Our case, a 32-year-old man underwent living related renal transplantation with father as donor on July 29, 2016, and received rabbit ATG for induction at a cumulative dose of 2 mg/kg and was maintained on triple immuno-suppression tacrolimus (0.1 mg/kg), MMF 720 mg twice daily and steroids. He developed Cytomegalovirus (CMV) viremia in January 2017 and received oral valganciclovir hydrochloride for three months and his MMF was withheld. In, April 2017, he presented with acute graft dysfunction, graft biopsy revealed calcineurin inhibitor toxicity and tacrolimus was changed to everolimus and MMF was re-introduced at half the dose, 360 mg twice daily. His serum creatinine stabilized around 2 mg/dL but he developed proteinuria and had to be started on Azilsartan in August 2017. The patient was clinically stable but his laboratory investigations revealed persistent progressive thrombocytopenia. He was shifted back to tacrolimus and MMF was stopped. CMV DNA polymerase chain reaction, hepatitis B surface antigen, anti-hepatitis C virus antibody, human immunodeficiency virus serology were negative. The Vitamin B12 and folic acid levels were normal. No evidence of hemolysis was seen since peripheral smear did not reveal any schistocytes. Bone marrow biopsy showed adequate trilineages with adequate megakaryocytes.

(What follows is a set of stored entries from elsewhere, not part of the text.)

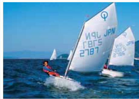
マリンスポーツ 宇土マリーナでは、ヨットのほかクルージングも楽しめる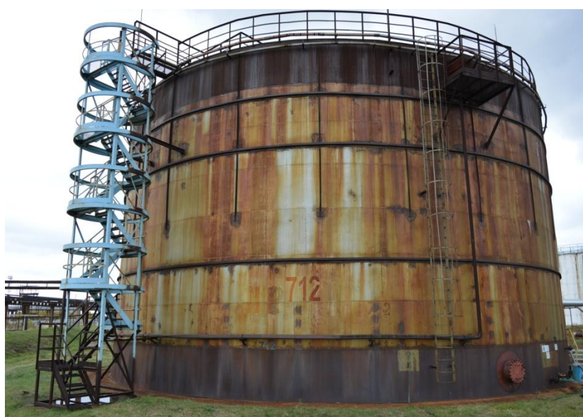
Рисунок 4 - Общий вид резервуара РВС-5000 № 712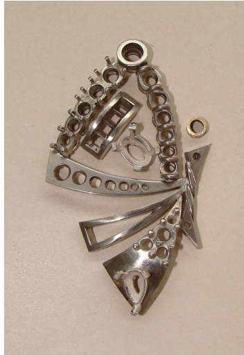
Echelle : 1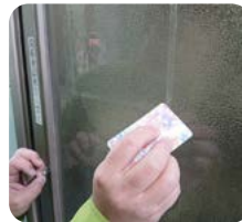
③プラスチックカードで擦る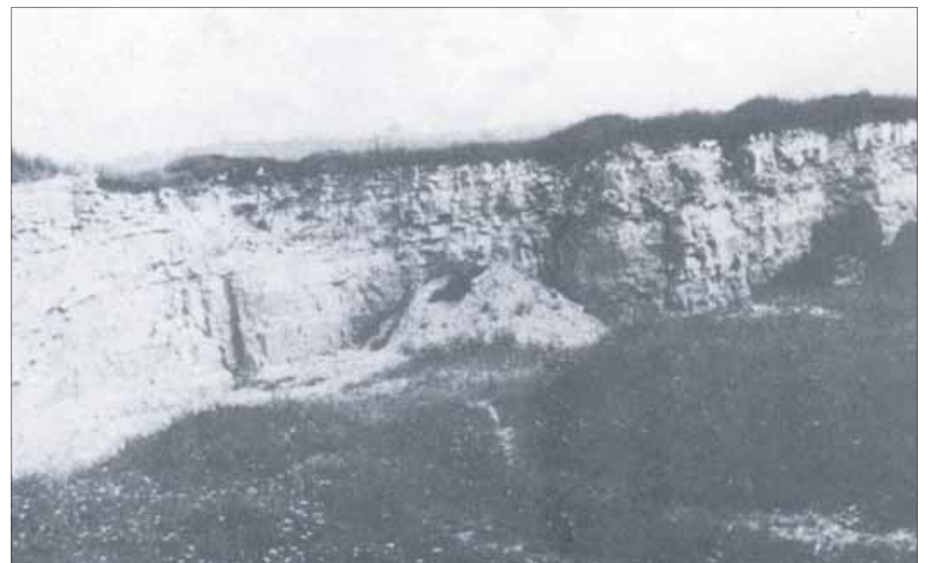
Długoszyński kamieniołom, lata 80. XX wieku

Zaś w obrębie samych kamieniołomów pozostałości starych wapienników, będących niegdyś własnością m.in. rodziny Palianów, Jachymczyków, Baranów i Wiernków. A to wszystko dziś niestety zarośnięte, po części potraktowane niegdyś jak wysypisko śmieci, które teraz obrosły trawami. Jedynym dziś plusem okolicy jest bardzo ładny widok na Osiedle Stale, ja-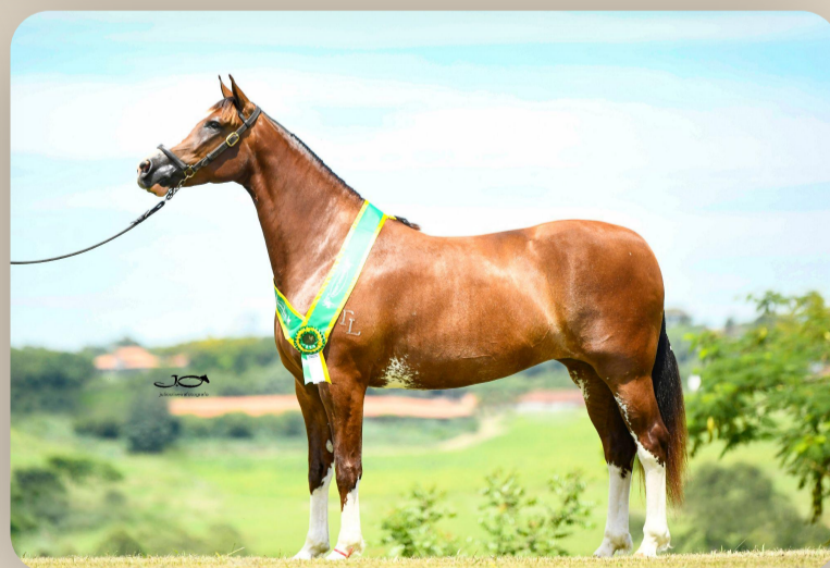
Evidência da Tarlim Irmã materna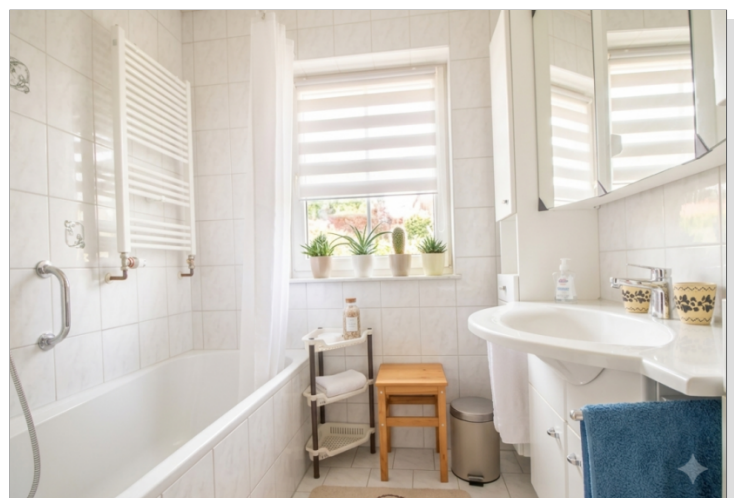
Bad mit Wanne, EG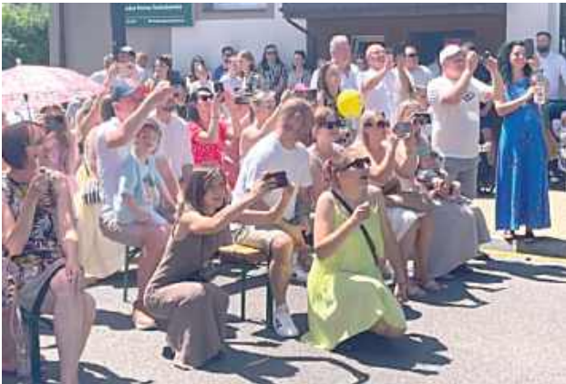
Wielkie emocje pod małą sceną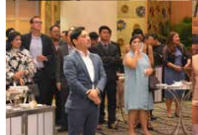
BSAA held "Members Get Together Cocktail Party"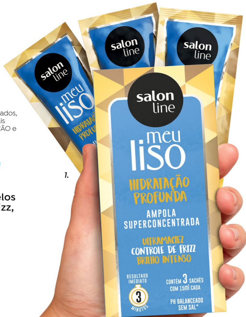
1. Meu Liso Kit Ampolas Hidratação Profunda 45ml 95551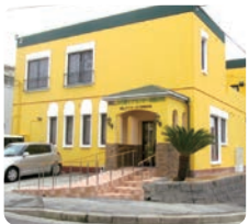
IGLふれ愛ケアセンター 美鈴が丘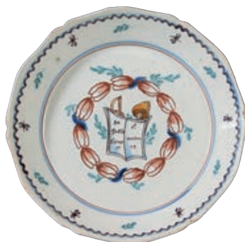
49 NEVERS. Assiette à bord contourné à décor patriotique polychrome d'un livre ouvert portant l'inscription "sagesse force et union 1792" posé sur une épée et un bonnet phrygien, dans un encadrement de fleurs bleu blanc rouge. Papillons et feuillages sur l'aile. Fin du XVIIIème siècle, époque révolutionnaire. D : 23 cm 600/800 €

Bibliographie C. BONNET, Faïences révolutionnaires. Collection Louis HEITSCHHEL, p.131 n°213.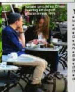
Disfruta un café en el canal (Königsstraße 14).

Y ADEMÁS... En el Hotel casa se encuentran los mejores galerías de arte. Markus (Königsstraße 14) es el corazón de los artistas. Debería ir a la casa por el canal. No te pierdas La Nueva (Königsstraße 14). Más cosas en el canal. El Canal (Königsstraße 14) y Taverna (Königsstraße 14). El hotel, El Canal (Königsstraße 14).

He presented to emergency department in February 2018 with gum bleed and epistaxis and had a platelet count of 4 × 109/L. At this time, azilsartan was stopped in view of low blood pressure and on follow-up his investigations revealed improving thrombocytopenia [Figure 1]. In view of proteinuria, ramipril was introduced in July 2018, but the patient again developed thrombocytopenia; this was withheld in August soon after which thrombocytopenia recovered [Figure 1].{Figure 1}

This case highlights thrombocytopenia as a rare side effect of ACEI and ARB. The pathophysiology of thrombocytopenia is accelerated immune destruction, myelosuppression or increased antithrombotic impact caused by the reduced activation of renin-angiotensin system.[1] We advocate a strong causal relationship between ACI/ARB's and thrombocytopenia based on a scale developed by George et al.[2] All four of these criteria were met in our patient, this would be a case of definite DIT. Case reports attributing ARB's as potential cause of thrombocytopenia exist in literature.[3] As per our knowledge, this is the first reported case wherein, the patient had thrombocytopenia-induced secondary to both ACEI and ARBs.

Conflict of interest: None declared.

References

1Visentin GP, Liu CY. Drug-induced thrombocytopenia. Hematol Oncol Clin North Am 2007;21:685.
2George JN, Raskob GE, Shah SR, et al. Drug-induced thrombocytopenia: A systematic review of published case reports. Ann Intern Med 1998;129:886-90.
3Patel DK, Bilkha N, Schnee D. Angiotensin II type 1 receptor blocker-induced immune thrombocytopenia: A case report. J Med Case Rep 2013;7:183.